Lipid nanoparticles, or small spheres formed of lipids that can get into cells without harm, are the subject of research by Professor Robin Shattock of Imperial College London, located in the UK. To develop COVID-19 vaccinations, lipid nanoparticles were the real breakthrough.
Emerging Talent
These elite European researchers could be teaching the next generation of medical professionals.
Becer added, “The next big change for the pharma industry will be to train our genes to prevent cancer or to fight against cancer.”
According to him, BIOMOLMACS could prepare scientists for positions at some of the companies that are creating nanomachines to deliver these types of biological drugs to certain organs.
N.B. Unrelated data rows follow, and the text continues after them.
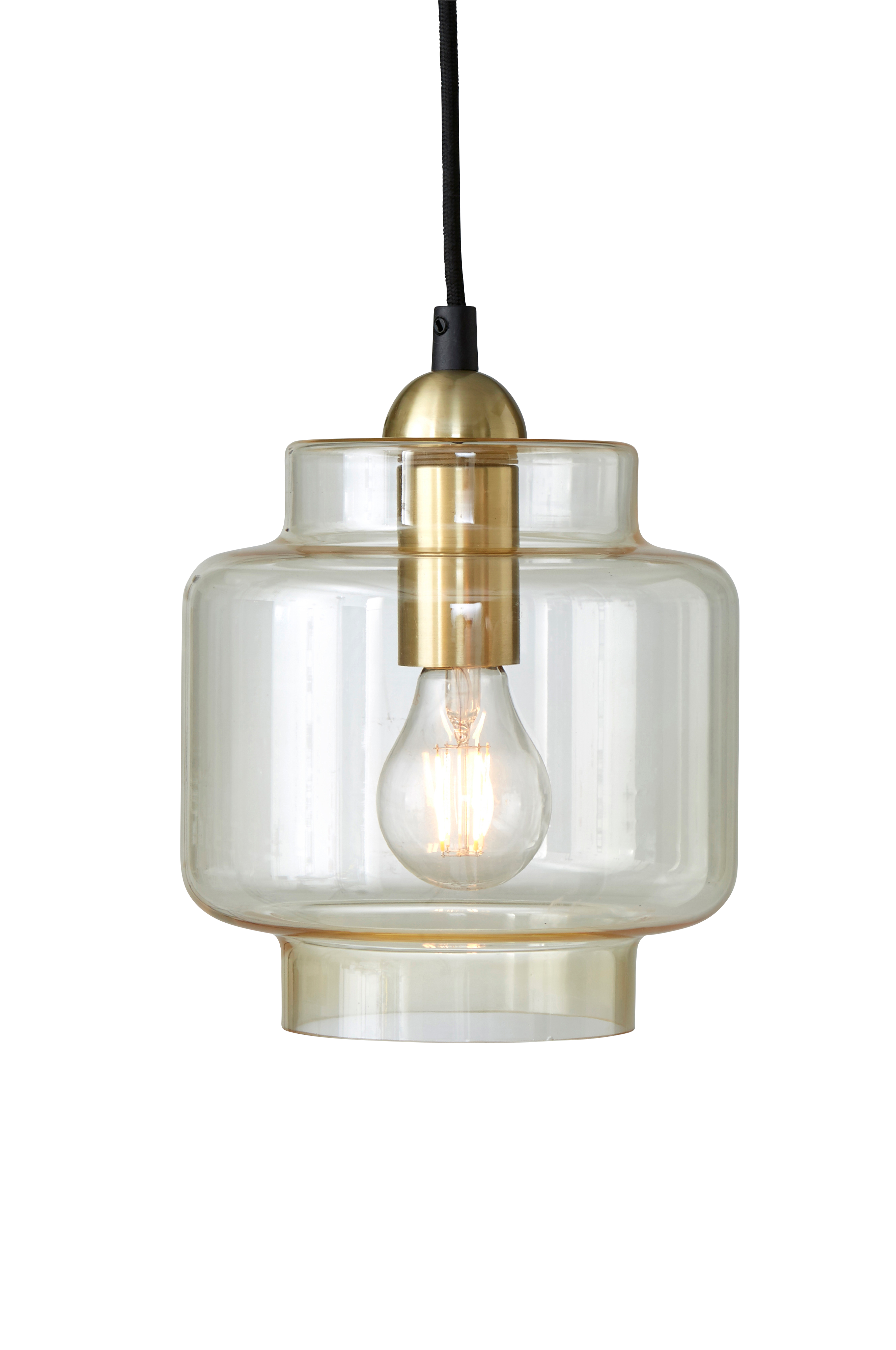Taklampe av lyst ravfarget glass med sokkel i messingfarget metall. Høyde ca. 20 cm, diameter ca. 18 cm. Svart takkopp av plast med krokoppheng og kronkontakt. Svart tekstilkledd ledning, ledningslengde 120 cm.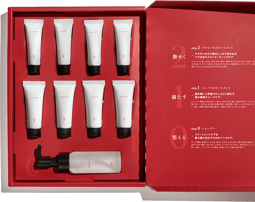 インバストリートメントにプラスイオンケラチン、アウトバストリートメントにマイナスイオンケラチンを配合することによって、それぞれが 磁石のN極とS極のように強く結びつき、水分や栄養を内側に閉じ込めながら、湿気や摩擦をブロック。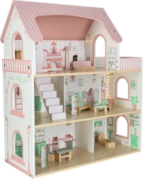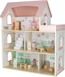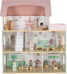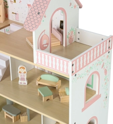 La estructura resistente de tableros MDF, los bordes suaves y el acabado estable garantizan un juego seguro. La casa mide 70 cm de altura, ideal para que los hermanos jueguen juntos. El armario abatible, los accesorios móviles y las dos figuritas de madera promueven historias imaginativas y el desarrollo de la motricidad fina.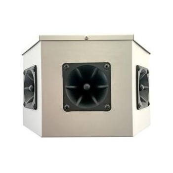 Boitier aluminium résistant aux intempéries avec 3 tweeters piézoélectriques.
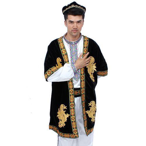 男装比较简单,主要有雅克特(长大衣)、托尼(长袍)、派西马特(短大衣)、尼姆恰(外套)、库内克(衬衫)、腰围等维吾尔族人统称外衣为玉环。男装上也绣有图案,主要在领子、胸部和领口处,显示出维吾尔族丰富的装饰美。它不仅优雅又时尚,而且穿起来也很方便。配以蓝色长裤和皮靴,融入丰富的民族服饰特色,充分展现青春活力和健身精神。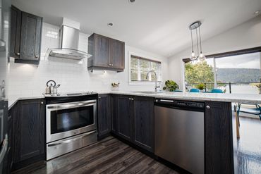 The Kitchen features full size stainless steel appliances including a fridge, stove, oven, dishwasher, microwave, blender, coffee maker and toaster. It comes fully stocked with all the amenities you would expect in a premium vacation rental.

Meanwhile, REBELLION’s Santos hopes that her findings can help cancer patients, whose treatments often leave them vulnerable to bacterial infections.
Santos concluded, “My good friend had beaten cancer but then she died of an infection. I remember when the doctor said: “the bacteria is resistant to everything – there’s nothing we can do.”
She intends to make sure that physicians never have to say anything like this.
The EU provided funding for the research in this article through the Marie Skłodowska-Curie Actions (MSCA).
Journal Reference:
Antimicrobial Resistance Collaborators (2023) Global burden of bacterial antimicrobial resistance in 2019: a systematic analysis. Lancet. doi:10.1016/S0140-6736(21)02724-0.